В «Унионке», куда Гашек ежедневно ходит писать, он обещает Лонгену за небольшой задаток веселую одноактную пьеску для сцены в «Адрии». Но потом, забыв про это обещание, принимает ангажемент в кабаре «Семерка червей», директор которого за веселый номер в программе предлагает ему 100 крон с каждого выступления и тут же выдает 500 крон аванса. Очевидно, Гашеку льстило, что он снова будет выступать на сцене. В «Семерке» он читает очередную ироническую «исповедь» — фельетон «Как я встретился с автором своего некролога», который за несколько дней до этого с сенсационным подзаголовком «Тайна моего пребывания в „России“ напечатал шеф-редактор „Трибуны“.
Дирекция кабаре расклеила афиши, на этот раз сообщалось, что писатель Ярослав Гашек будет в «Семерке червей» рассказывать о своем большевистском прошлом. Но ожидаемой сенсации не получилось. Посетители увидели не «забрызганного кровью» советского комиссара, укрощенного и теперь выступающего в буржуазном кабаре, а добродушного, усталого человека в измятом костюме.
Бывший анархист Мареш[121] рассказывает, что встретился с писателем где-то в начале января во время репетиции.
В ложе полутемного зала сидел человек, в котором он узнал Ярослава Гашека, товарища по анархистскому движению. На стуле рядом с ним стояли стакан и бутылка содовой. Мареш, стараясь скрыть смущение, подарил ему экземпляр только что вышедшего сборника своих стихов. Послушаем, как он сам описывает эту встречу: «Гашек не уделил стихам ни малейшего внимания. С отсутствующим видом полистал тоненькую книжку. В его облике ощущалась какая-то напряженность, лицо было неподвижно. Положил книжку рядом с бутылкой содовой и сказал негромко, даже не взглянув в мою сторону: „Ага, стишки… Хотят тут превратить меня в балаганного шута, — добавил он со вздохом. — В этом мире можно обрести свободу, только если тебя признают идиотом. — Он медленно провел рукой по лицу, точно стирая заблудшую капельку пота. И произнес коротко, плотно сжав губы: — Сволочи!“ Признаюсь, я был растерян, — повествует далее Мареш. — Сказал ему, что должен зайти в дирекцию. Но Гашек мне уже не отвечал. Несколько мгновений оцепенело смотрел сквозь меня, потом закрыл глаза и как-то осел в кресле.
Когда я минут через двадцать вновь проходил мимо ложи, Гашек сидел там, опираясь обоими локтями на барьер и закрыв лицо ладонями. Спал? Плакал? Не знаю. Но явно не хотел ничего ни видеть, ни слышать».

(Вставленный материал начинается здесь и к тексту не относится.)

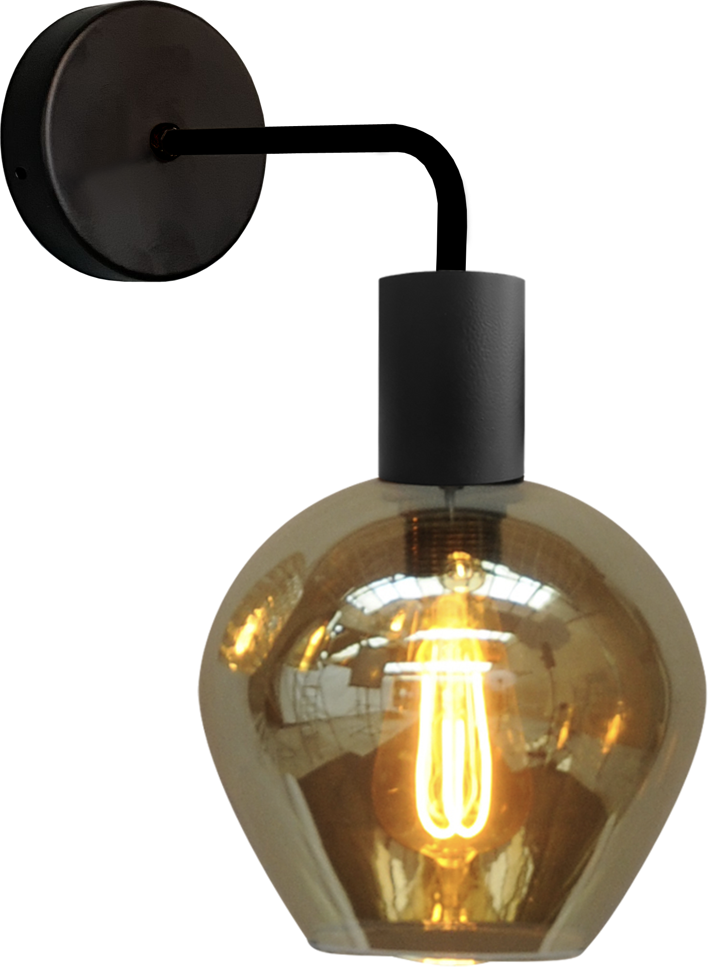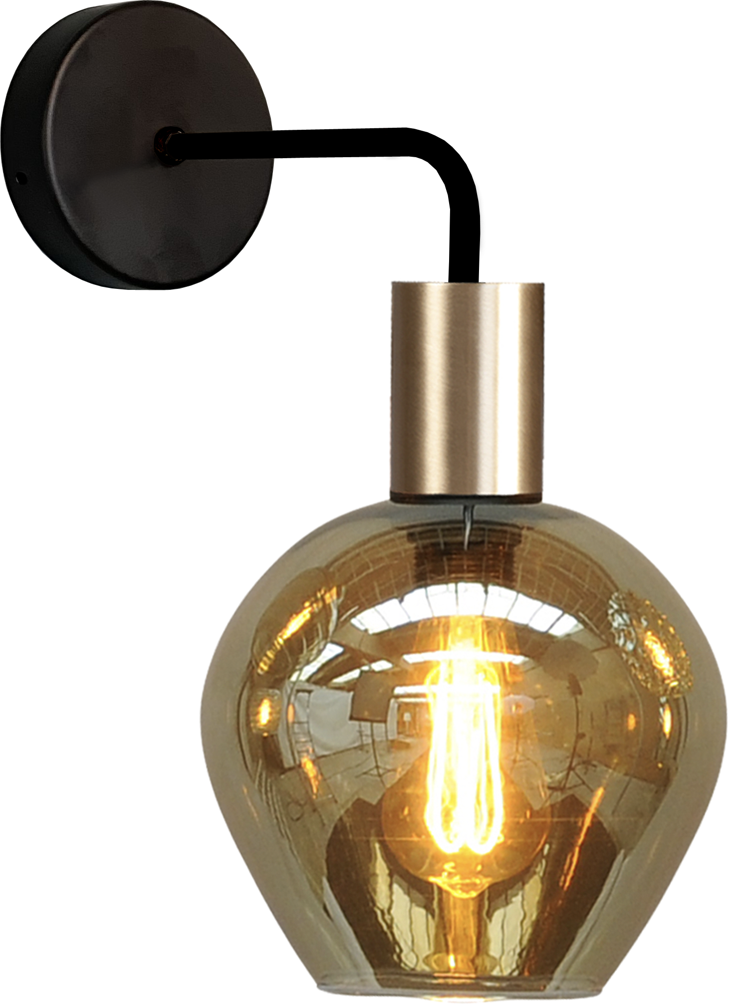 This beautifully finished wall lamp is available in either black or black with a matte gold fitting. A smoked glass pendant with a diameter of 19 cm hangs down from the lamp. It is 38 cm high and suitable for an LED bulb with an E27 fitting. It is 29.5 cm deep.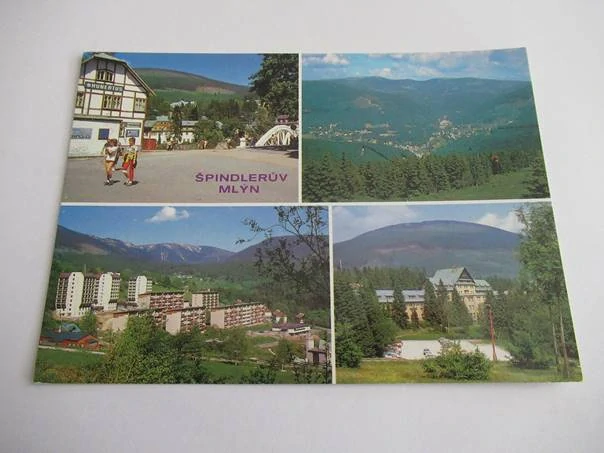 - Krkonoše - centrum s hotelem Hubertus, celkový pohled s Přední Planiny, bytová výstavba, vojenská zotavovna Bedřichov

Шутки и мистификации прежнего прославленного юмориста утратили непринужденность и легкость. Часто он приходит усталый, помятый, в нечищенной обуви, выступления его становятся все более небрежными. Директор кабаре просит Гашека рассказать в конце концов что-нибудь из своего большевистского прошлого. Тот отнекивается. Потом объявляет на воскресное утро серьезную лекцию «О нравах и жизни в Монголии». Публика полагает, что это шутка, что разговор будет касаться политики, но Гашек нудно рассказывает о географических особенностях Сибири; ожидаемых острот, иронических намеков в адрес Советской власти так никто и не дождался. После этого «представления», состоявшегося 16 января 1921 года, с ним расторгли контракт.
Полицейскому осведомителю, который через несколько дней наводил о нем справки, было сказано, что «Гашек — человек совершенно бесхарактерный, всегда готовый пойти туда, где ему больше заплатят».